**** Records for the exercise ****

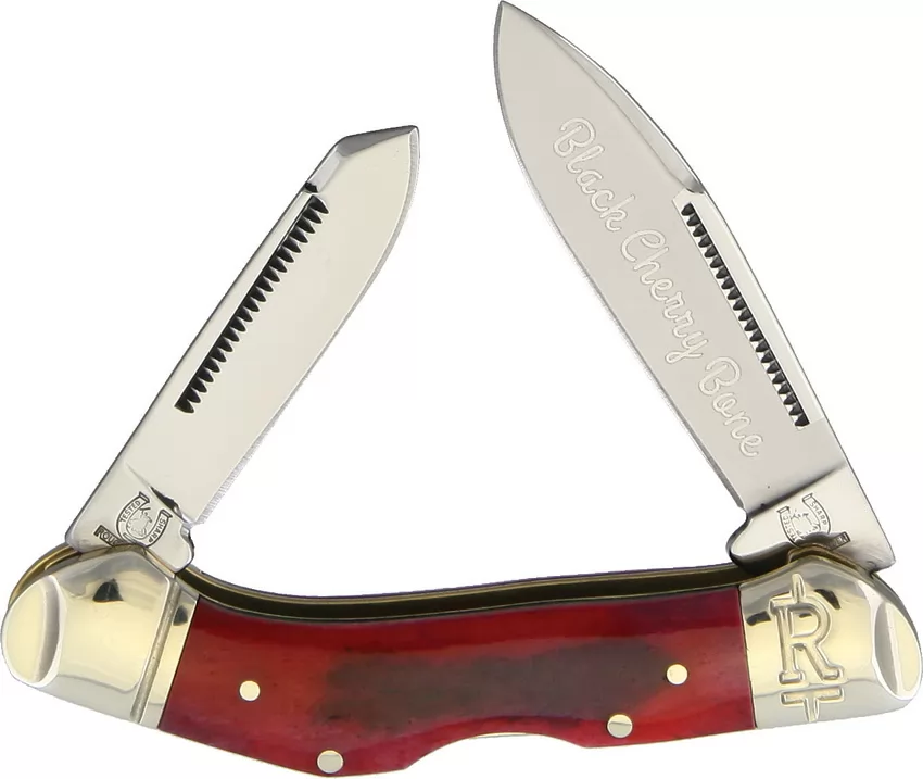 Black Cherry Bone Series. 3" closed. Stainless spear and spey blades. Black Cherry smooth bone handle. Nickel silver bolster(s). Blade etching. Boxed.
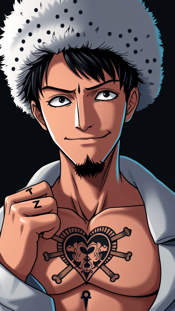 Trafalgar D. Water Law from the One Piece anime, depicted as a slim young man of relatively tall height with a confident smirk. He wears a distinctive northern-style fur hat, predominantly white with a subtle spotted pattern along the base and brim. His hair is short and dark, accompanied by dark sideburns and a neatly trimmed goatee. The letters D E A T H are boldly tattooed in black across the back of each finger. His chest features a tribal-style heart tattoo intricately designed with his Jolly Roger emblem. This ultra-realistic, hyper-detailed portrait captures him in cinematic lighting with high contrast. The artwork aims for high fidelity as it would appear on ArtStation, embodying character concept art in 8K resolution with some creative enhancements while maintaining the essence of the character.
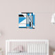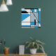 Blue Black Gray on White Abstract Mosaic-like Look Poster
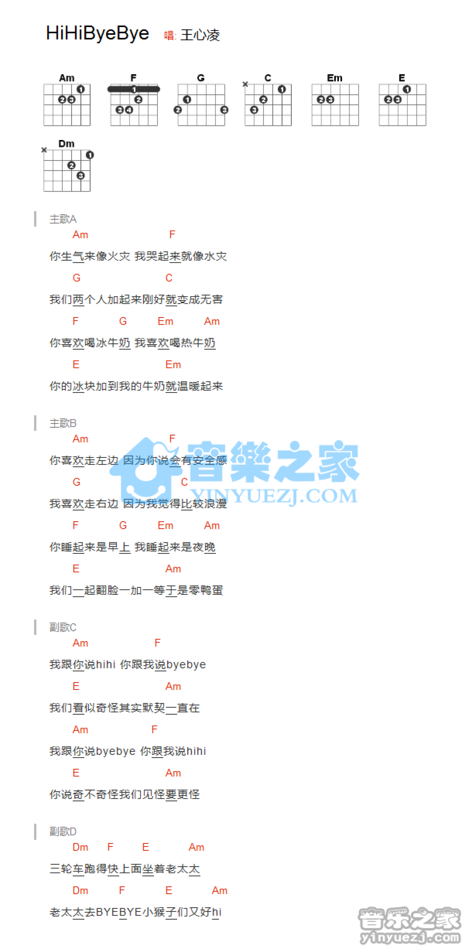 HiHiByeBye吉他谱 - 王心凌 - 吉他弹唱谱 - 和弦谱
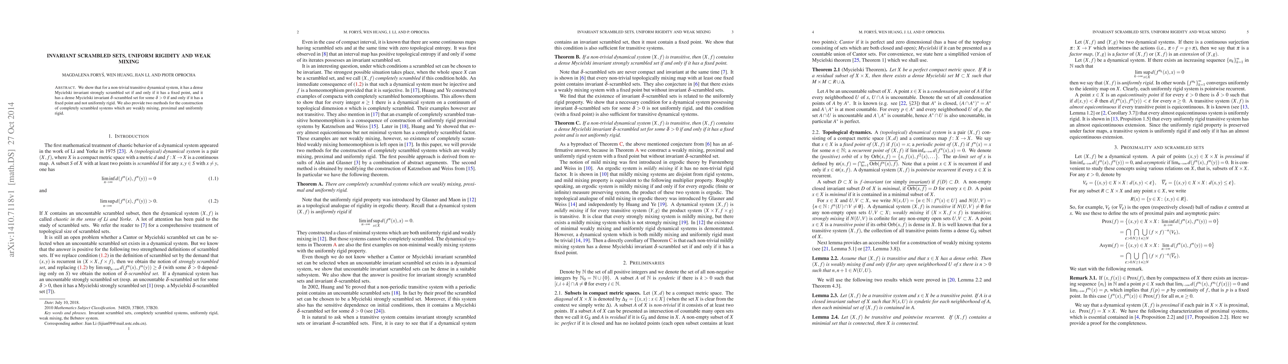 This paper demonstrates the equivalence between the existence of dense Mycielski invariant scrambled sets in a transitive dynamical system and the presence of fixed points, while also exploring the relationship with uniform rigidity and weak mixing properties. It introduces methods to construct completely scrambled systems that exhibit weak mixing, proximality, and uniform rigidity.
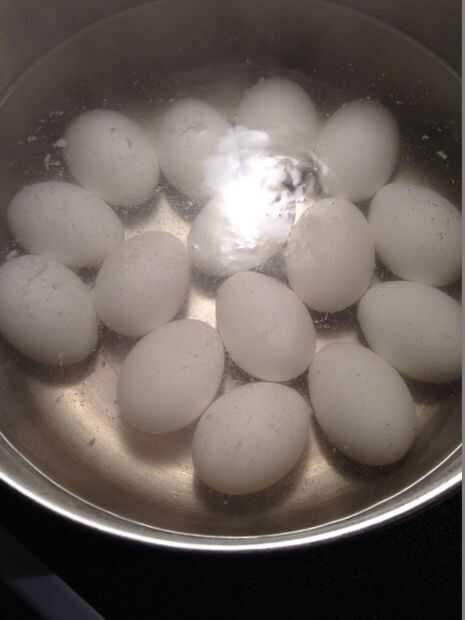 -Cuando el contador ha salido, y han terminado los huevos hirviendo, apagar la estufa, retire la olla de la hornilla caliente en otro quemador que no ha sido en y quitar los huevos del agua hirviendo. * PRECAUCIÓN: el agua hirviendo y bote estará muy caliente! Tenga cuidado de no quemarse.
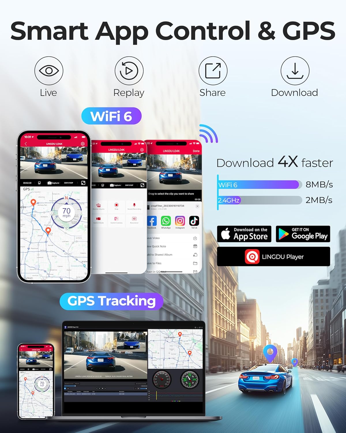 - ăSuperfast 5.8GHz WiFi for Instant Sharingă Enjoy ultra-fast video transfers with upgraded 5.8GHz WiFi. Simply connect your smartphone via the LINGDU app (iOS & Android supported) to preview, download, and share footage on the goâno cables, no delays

****

Exercise ▸
What you return must match the records letter for letter, except that the pictures stay out.

Response to this exercise ▸
 Black Cherry Bone Series. 3" closed. Stainless spear and spey blades. Black Cherry smooth bone handle. Nickel silver bolster(s). Blade etching. Boxed.
 Trafalgar D. Water Law from the One Piece anime, depicted as a slim young man of relatively tall height with a confident smirk. He wears a distinctive northern-style fur hat, predominantly white with a subtle spotted pattern along the base and brim. His hair is short and dark, accompanied by dark sideburns and a neatly trimmed goatee. The letters D E A T H are boldly tattooed in black across the back of each finger. His chest features a tribal-style heart tattoo intricately designed with his Jolly Roger emblem. This ultra-realistic, hyper-detailed portrait captures him in cinematic lighting with high contrast. The artwork aims for high fidelity as it would appear on ArtStation, embodying character concept art in 8K resolution with some creative enhancements while maintaining the essence of the character.
 Blue Black Gray on White Abstract Mosaic-like Look Poster
 HiHiByeBye吉他谱 - 王心凌 - 吉他弹唱谱 - 和弦谱
 This paper demonstrates the equivalence between the existence of dense Mycielski invariant scrambled sets in a transitive dynamical system and the presence of fixed points, while also exploring the relationship with uniform rigidity and weak mixing properties. It introduces methods to construct completely scrambled systems that exhibit weak mixing, proximality, and uniform rigidity.
 -Cuando el contador ha salido, y han terminado los huevos hirviendo, apagar la estufa, retire la olla de la hornilla caliente en otro quemador que no ha sido en y quitar los huevos del agua hirviendo. * PRECAUCIÓN: el agua hirviendo y bote estará muy caliente! Tenga cuidado de no quemarse.
 - ăSuperfast 5.8GHz WiFi for Instant Sharingă Enjoy ultra-fast video transfers with upgraded 5.8GHz WiFi. Simply connect your smartphone via the LINGDU app (iOS & Android supported) to preview, download, and share footage on the goâno cables, no delays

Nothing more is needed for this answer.